• **What to work on**:
Only the lines of the listing below that run from the line with "女性店主がひとりでまったりと経営している居酒屋すろぉ。" through the line with "Industrial plug Y-type" are to be set down, word for word. Pictures stay out.
===== Given information =====
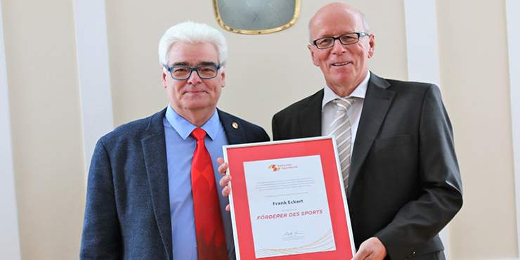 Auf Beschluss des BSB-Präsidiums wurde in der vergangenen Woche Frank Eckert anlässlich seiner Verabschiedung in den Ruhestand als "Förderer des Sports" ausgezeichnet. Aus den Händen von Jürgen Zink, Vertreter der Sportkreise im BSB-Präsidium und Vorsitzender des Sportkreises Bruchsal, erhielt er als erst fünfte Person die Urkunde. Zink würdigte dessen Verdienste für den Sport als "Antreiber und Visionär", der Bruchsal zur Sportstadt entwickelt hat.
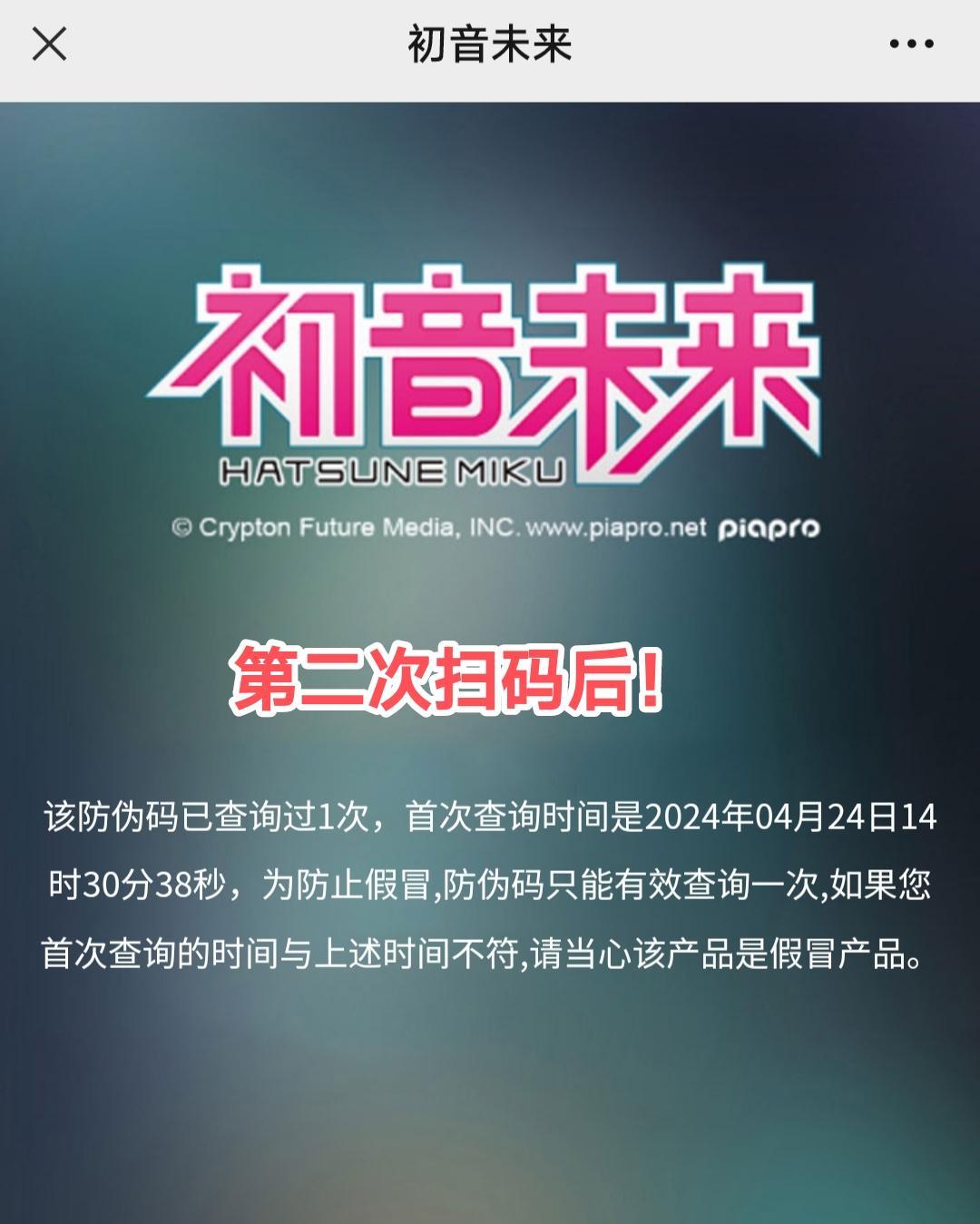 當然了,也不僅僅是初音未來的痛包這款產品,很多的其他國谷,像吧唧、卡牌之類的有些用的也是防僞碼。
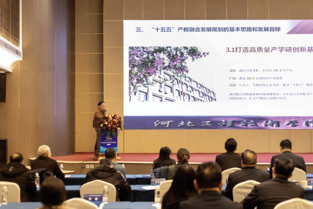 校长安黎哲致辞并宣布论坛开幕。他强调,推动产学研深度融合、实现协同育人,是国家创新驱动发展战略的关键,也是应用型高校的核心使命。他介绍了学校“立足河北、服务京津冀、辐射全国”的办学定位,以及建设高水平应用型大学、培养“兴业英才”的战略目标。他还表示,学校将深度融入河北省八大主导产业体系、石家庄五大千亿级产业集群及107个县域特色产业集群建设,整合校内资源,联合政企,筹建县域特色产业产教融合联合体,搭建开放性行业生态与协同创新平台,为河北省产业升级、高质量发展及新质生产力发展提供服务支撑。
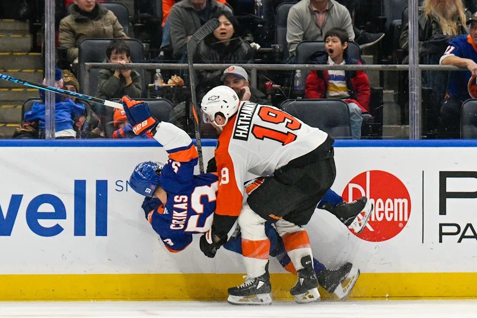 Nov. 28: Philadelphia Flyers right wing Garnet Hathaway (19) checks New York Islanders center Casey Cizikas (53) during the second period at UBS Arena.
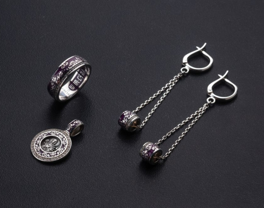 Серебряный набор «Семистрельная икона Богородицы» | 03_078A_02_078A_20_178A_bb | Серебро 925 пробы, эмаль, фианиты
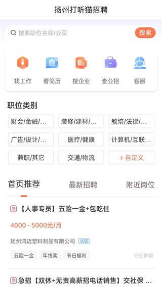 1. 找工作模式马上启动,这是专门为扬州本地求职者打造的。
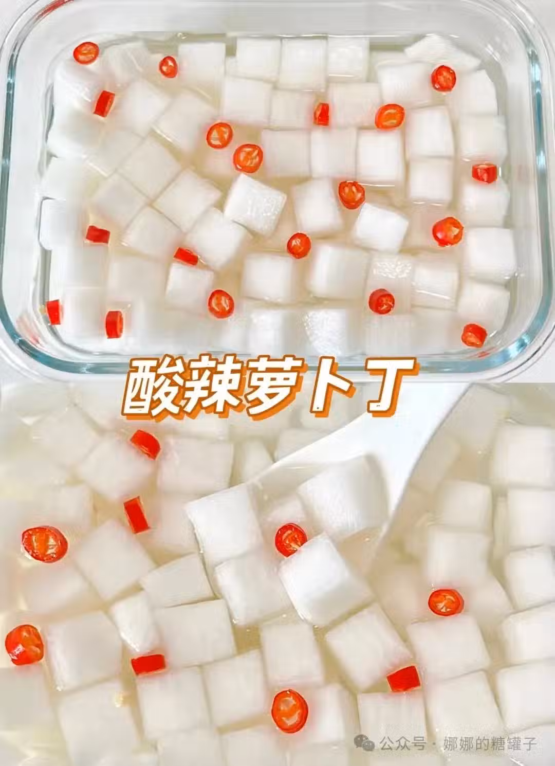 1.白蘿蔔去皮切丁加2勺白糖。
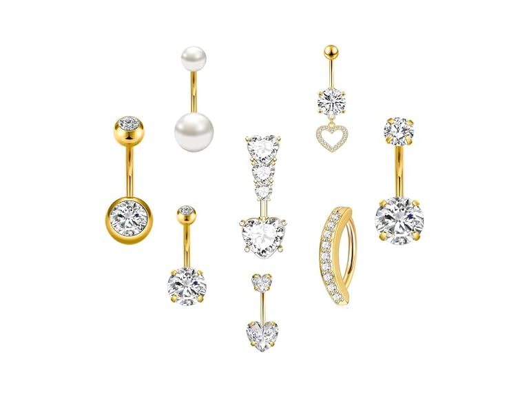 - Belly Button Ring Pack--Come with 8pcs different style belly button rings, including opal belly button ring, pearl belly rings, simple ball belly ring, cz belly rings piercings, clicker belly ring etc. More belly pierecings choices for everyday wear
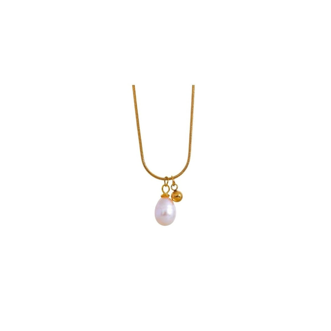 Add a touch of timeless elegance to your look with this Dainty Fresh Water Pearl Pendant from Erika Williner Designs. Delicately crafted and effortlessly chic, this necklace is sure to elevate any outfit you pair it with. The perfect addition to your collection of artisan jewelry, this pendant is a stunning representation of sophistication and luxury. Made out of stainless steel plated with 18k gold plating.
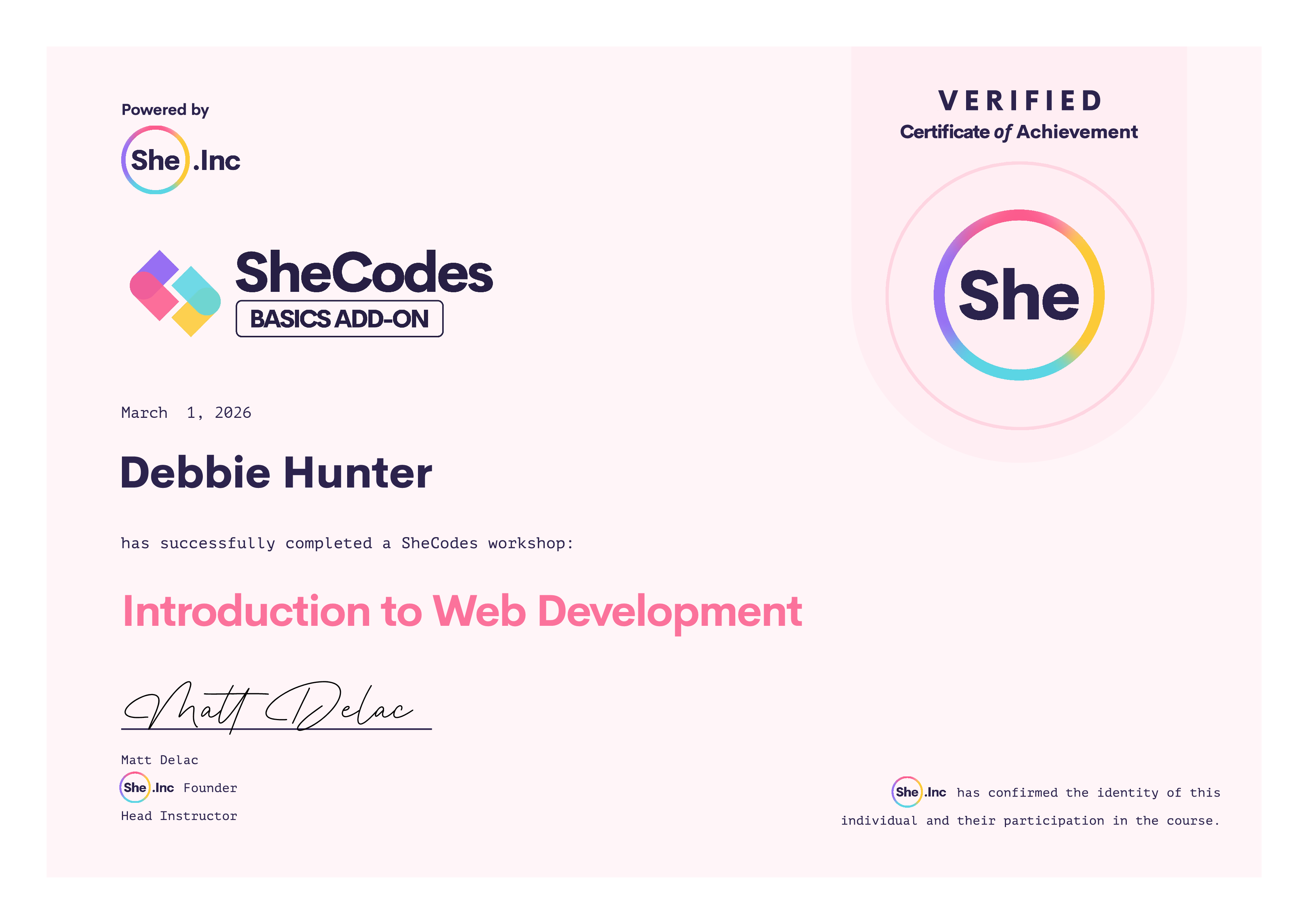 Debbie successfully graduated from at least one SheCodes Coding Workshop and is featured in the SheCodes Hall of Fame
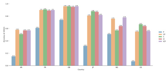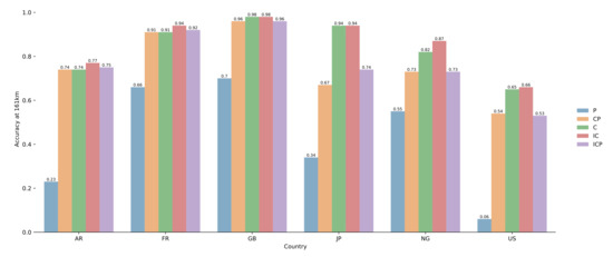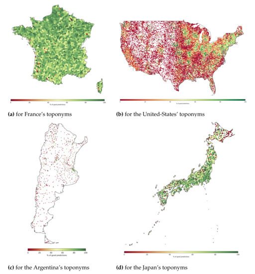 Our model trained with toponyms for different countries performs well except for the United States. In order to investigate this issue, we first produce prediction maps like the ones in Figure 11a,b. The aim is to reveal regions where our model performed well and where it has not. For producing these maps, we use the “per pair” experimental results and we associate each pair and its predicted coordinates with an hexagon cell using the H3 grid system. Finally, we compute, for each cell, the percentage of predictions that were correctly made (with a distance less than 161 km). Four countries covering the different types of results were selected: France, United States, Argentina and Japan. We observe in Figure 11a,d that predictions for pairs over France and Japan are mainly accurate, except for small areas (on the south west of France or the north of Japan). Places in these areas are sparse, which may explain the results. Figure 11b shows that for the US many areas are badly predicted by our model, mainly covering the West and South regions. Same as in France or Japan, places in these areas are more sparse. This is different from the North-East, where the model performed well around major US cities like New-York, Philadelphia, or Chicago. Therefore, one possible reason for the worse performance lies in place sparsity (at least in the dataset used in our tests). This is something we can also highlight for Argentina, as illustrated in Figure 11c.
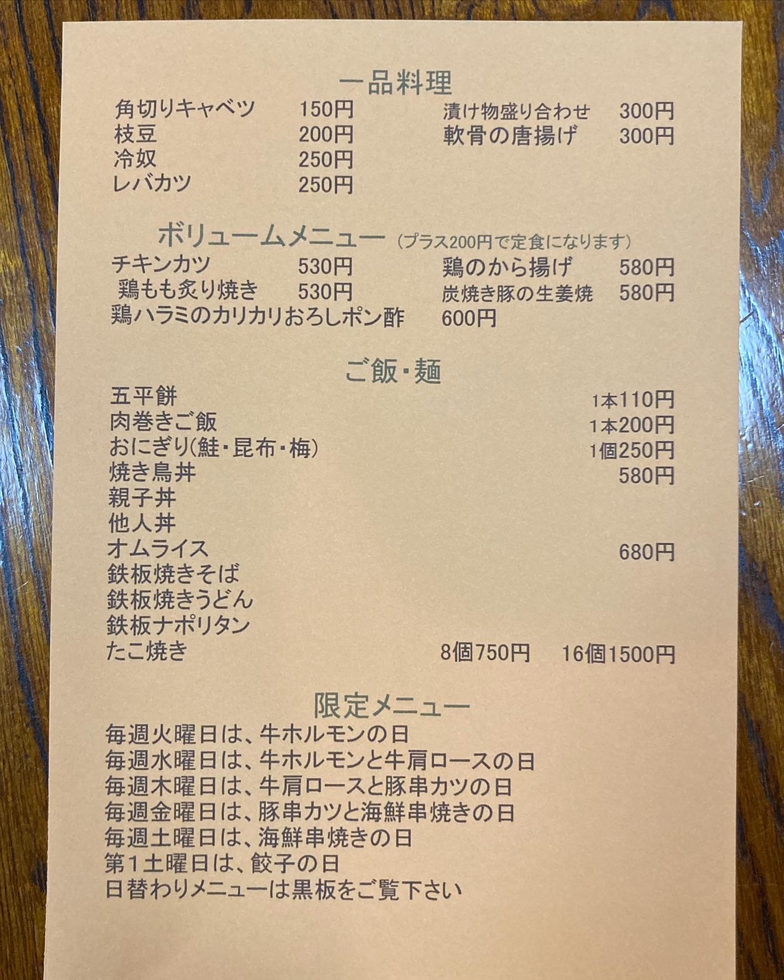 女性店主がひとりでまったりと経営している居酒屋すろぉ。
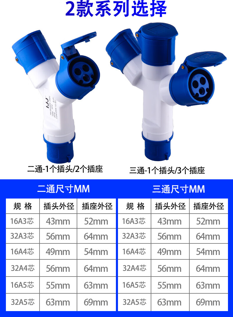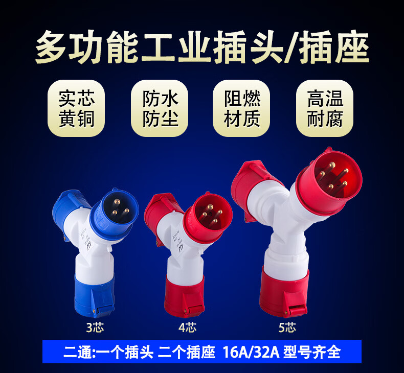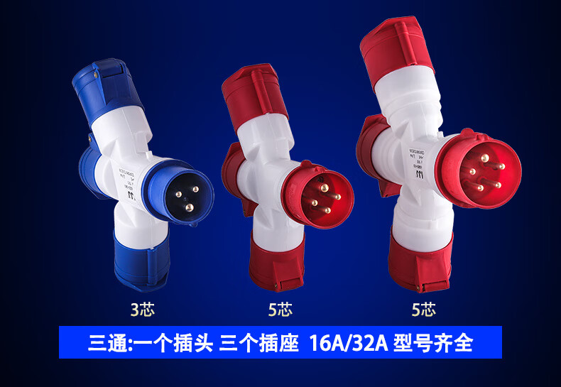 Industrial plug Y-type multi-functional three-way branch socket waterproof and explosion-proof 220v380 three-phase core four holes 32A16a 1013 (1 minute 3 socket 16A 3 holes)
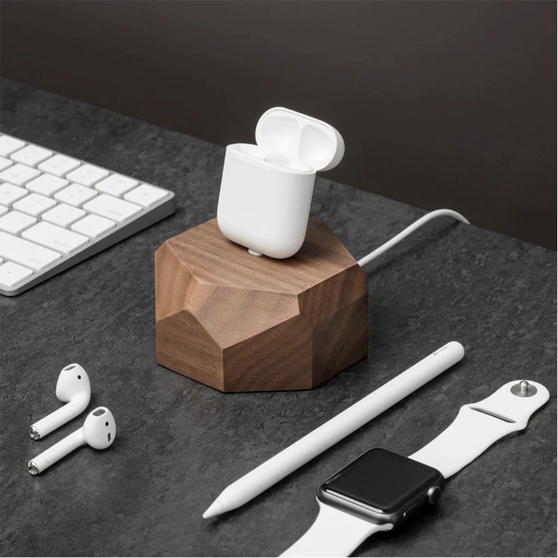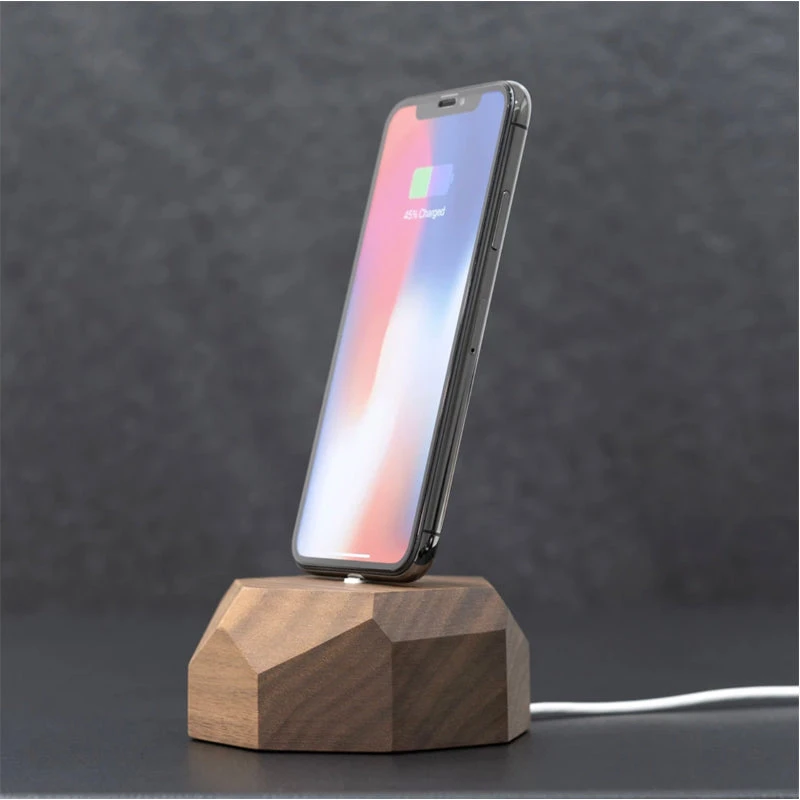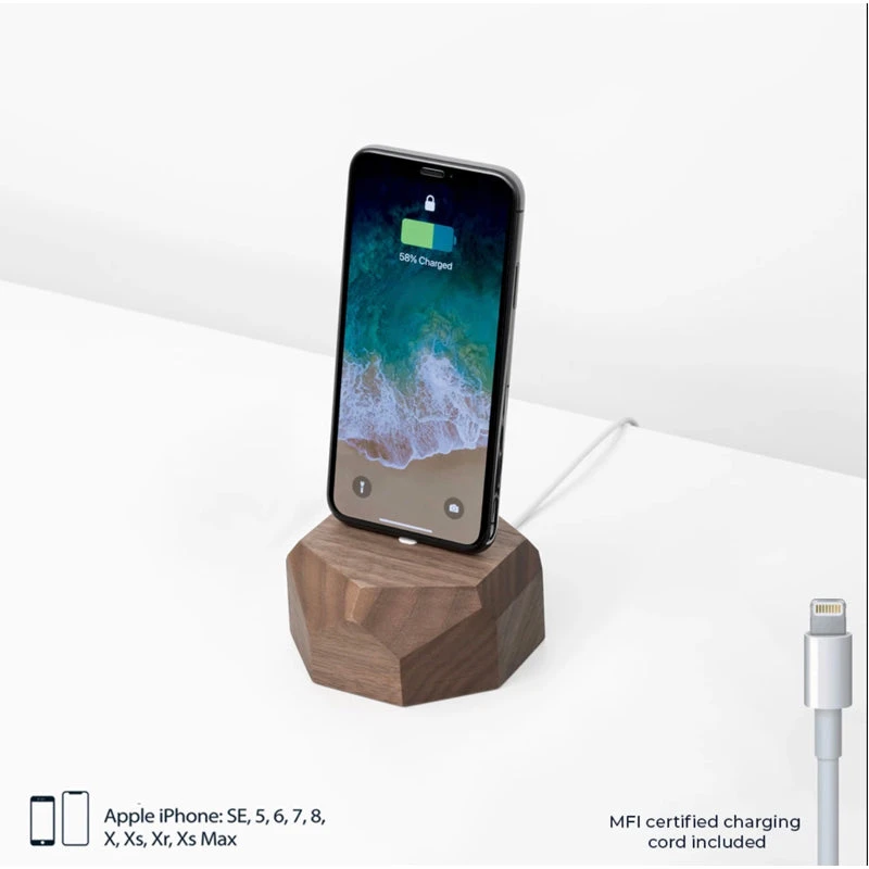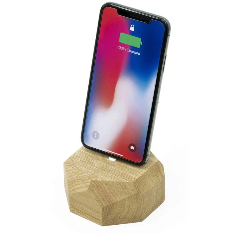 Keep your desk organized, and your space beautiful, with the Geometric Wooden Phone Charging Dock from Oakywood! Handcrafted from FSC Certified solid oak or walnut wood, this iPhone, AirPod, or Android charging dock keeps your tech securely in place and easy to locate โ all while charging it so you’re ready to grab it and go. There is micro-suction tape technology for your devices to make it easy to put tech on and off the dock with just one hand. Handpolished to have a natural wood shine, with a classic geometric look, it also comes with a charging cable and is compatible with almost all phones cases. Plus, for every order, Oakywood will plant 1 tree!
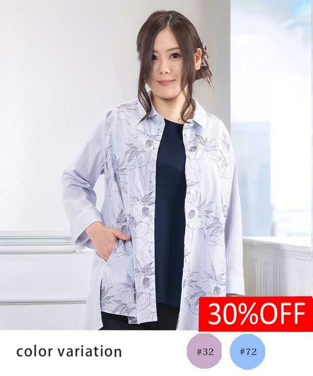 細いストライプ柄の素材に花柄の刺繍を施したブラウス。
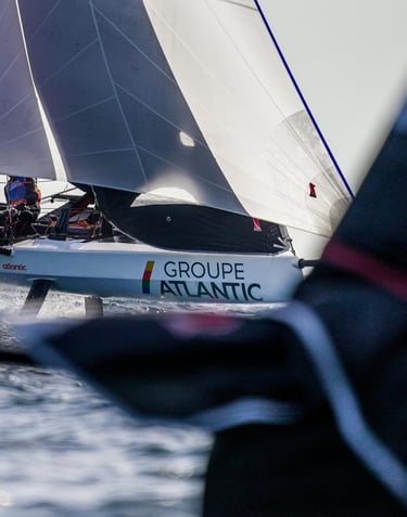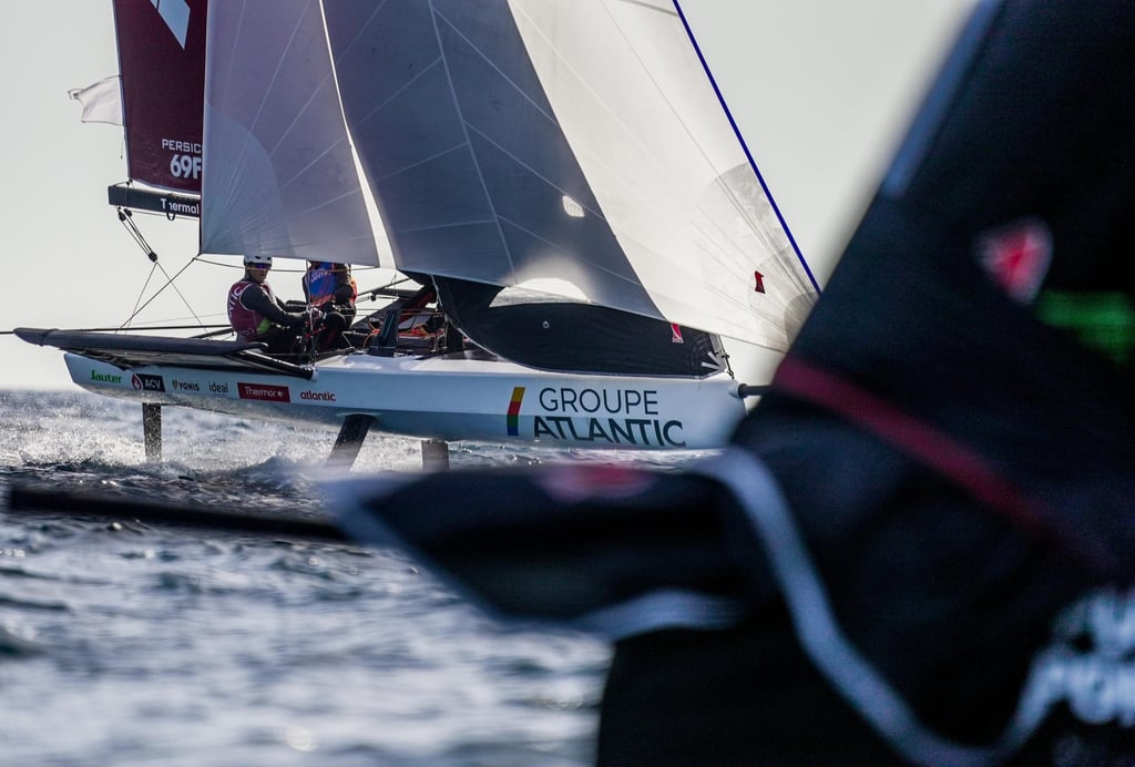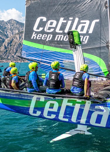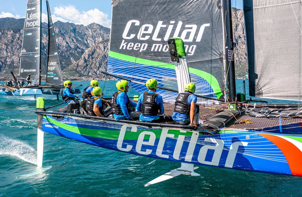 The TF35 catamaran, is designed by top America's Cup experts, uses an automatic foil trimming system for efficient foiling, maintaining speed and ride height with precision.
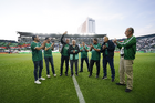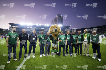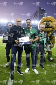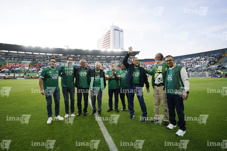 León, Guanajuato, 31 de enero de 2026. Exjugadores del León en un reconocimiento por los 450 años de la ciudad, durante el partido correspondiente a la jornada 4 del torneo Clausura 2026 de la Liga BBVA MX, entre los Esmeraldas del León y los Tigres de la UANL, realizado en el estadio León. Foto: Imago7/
=====
• **Written response**:
 女性店主がひとりでまったりと経営している居酒屋すろぉ。
 Industrial plug Y-type multi-functional three-way branch socket waterproof and explosion-proof 220v380 three-phase core four holes 32A16a 1013 (1 minute 3 socket 16A 3 holes)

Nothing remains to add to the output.